When the sparse matrix storage method facing the Schenwein kernel architecture is adopted, the sparse matrix calculation efficiency can be improved, and the cost of format conversion during multiple matrix operations in application software is reduced; the format has good adaptability of the Schmitt-Kernel framework to any sparse matrix type (asymmetric, non-centralized and irregular).

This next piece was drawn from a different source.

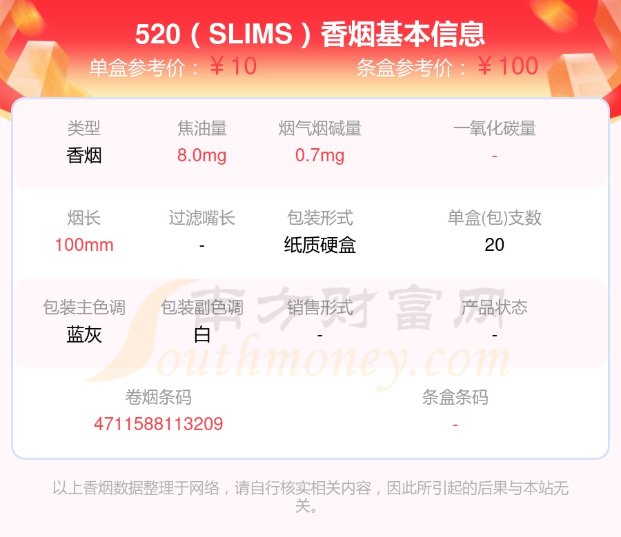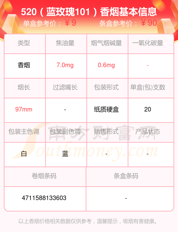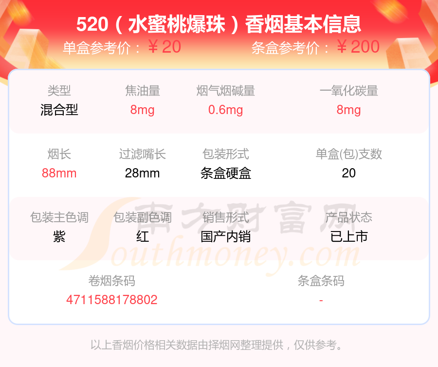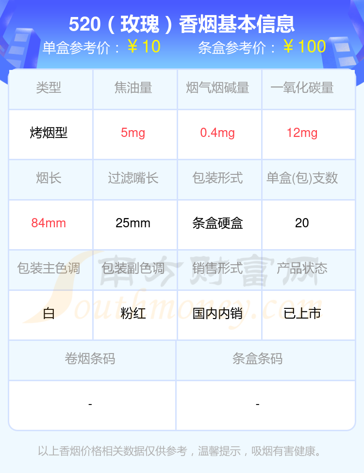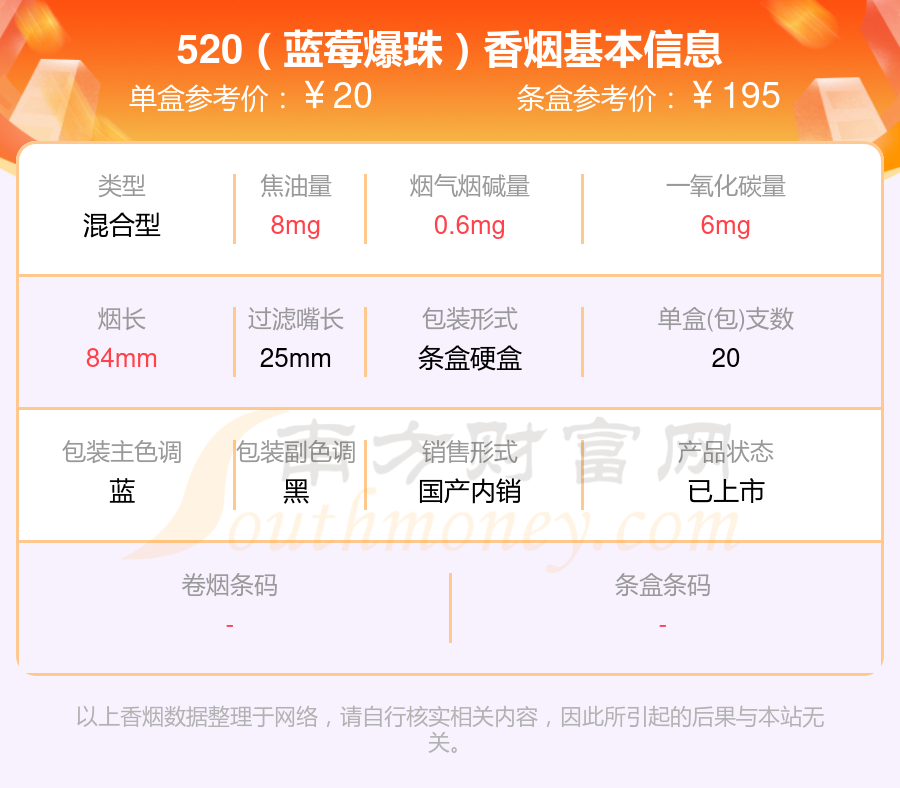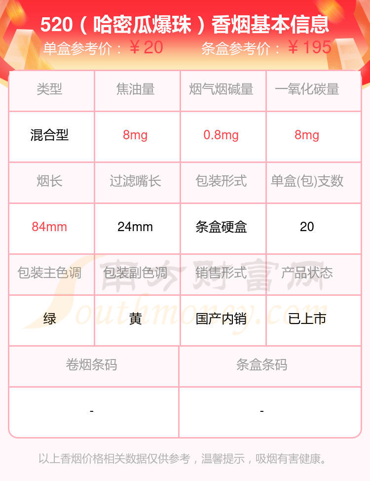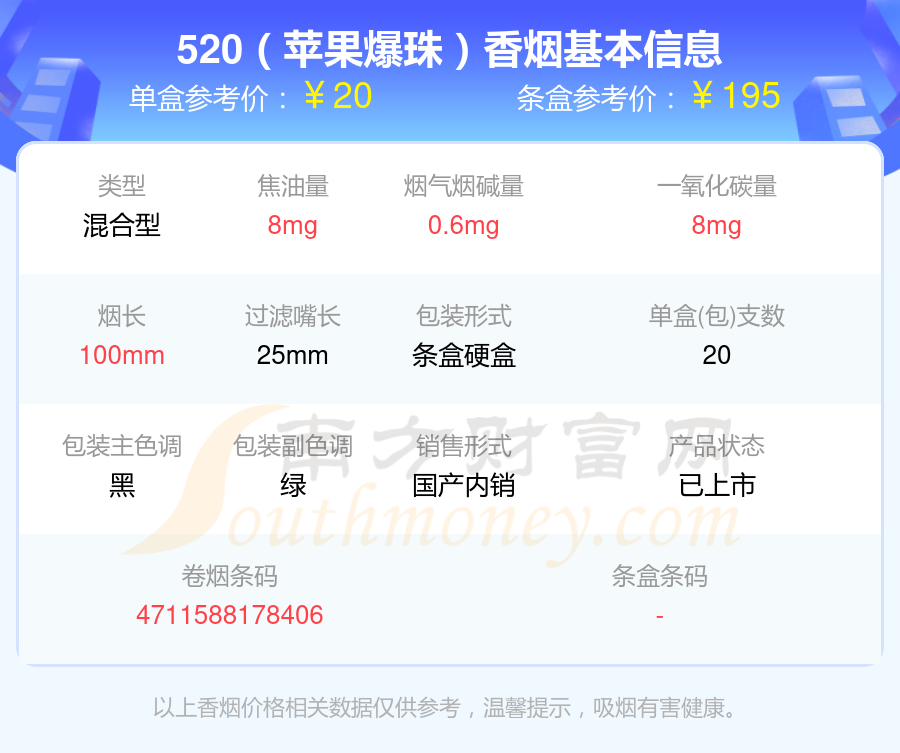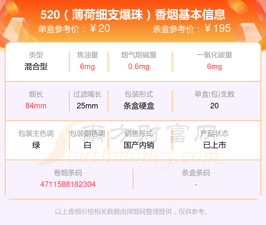 520香煙尼古丁低于10mg的煙有520(哈密瓜爆珠)、520(SLIMS)、520(薄荷)、520(薄荷細(xì)支爆珠)、520(藍(lán)莓爆珠)、520(蘋果爆珠)、520(哈密瓜細(xì)支爆珠)、520(藍(lán)玫瑰101)、520(水蜜桃爆珠)、520(玫瑰)等,詳細(xì)價(jià)格如下:
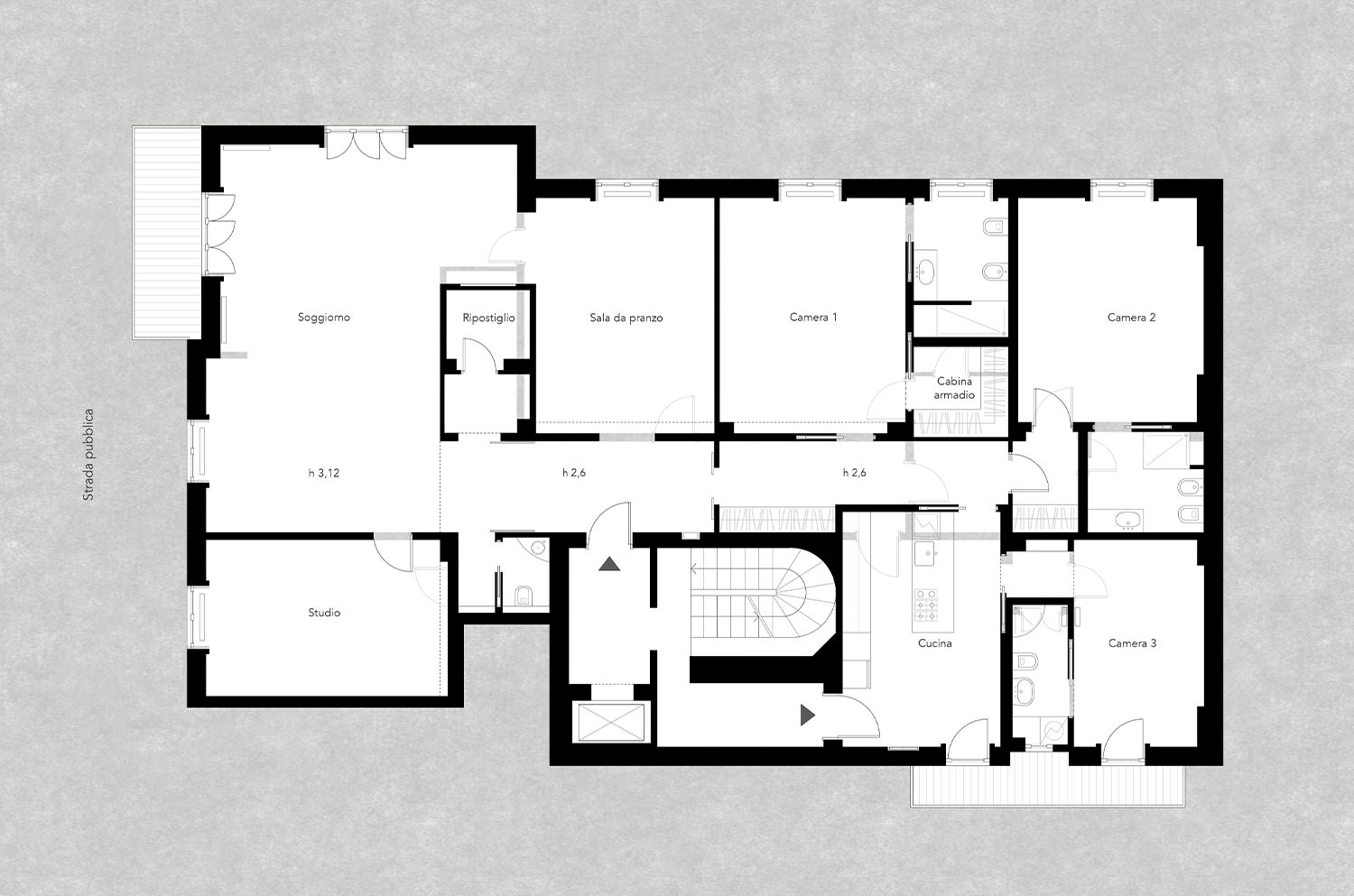 Appartamento di mq 240. La proprietà desiderava due camere padronali, un’ampia zona soggiorno con sala da pranzo separata, un piccolo bagno di cortesia e una zona di servizio con ampia cucina. Si sono mantenuti gli imbotti in legno e il pavimento in breccia nell’ampio corridoio di distribuzione, conservando così il carattere anni ’40 dell’appartamento.

The above embodiments are merely illustrative of the technical ideas and features of the present invention, and the purpose thereof is to enable those skilled in the art to understand the contents of the present invention and implement the present invention, and not to limit the protection scope of the present invention. All equivalent changes and modifications made according to the spirit of the present invention should be covered within the protection scope of the present invention.

Claims

1. A sparse matrix storage method for a Schenwarren core architecture is characterized by comprising the following steps: the many-core processor is composed of 4 heterogeneous groups, each heterogeneous group comprises a control core, a slave core cluster composed of 64 computing cores, a heterogeneous group interface and a storage controller, and the whole many-core processor is provided with 260 computing cores;

the sparse matrix storage format comprises the steps of:

s21, recording each non-zero element in the matrix in the order of columns:

s212, recording the Row coordinate Row _ i of each nonzero element;

and S213, recording the Value of each non-zero element.

2. The sparse matrix storage method for the scheimpflug core architecture as claimed in claim 1, wherein: the computing core is mainly responsible for fine-grained parallel computing tasks, the computing core can directly access the main memory discretely, also can access the main memory in batches in a DMA mode, and can carry out high-efficiency communication in a register communication mode in the many-core array.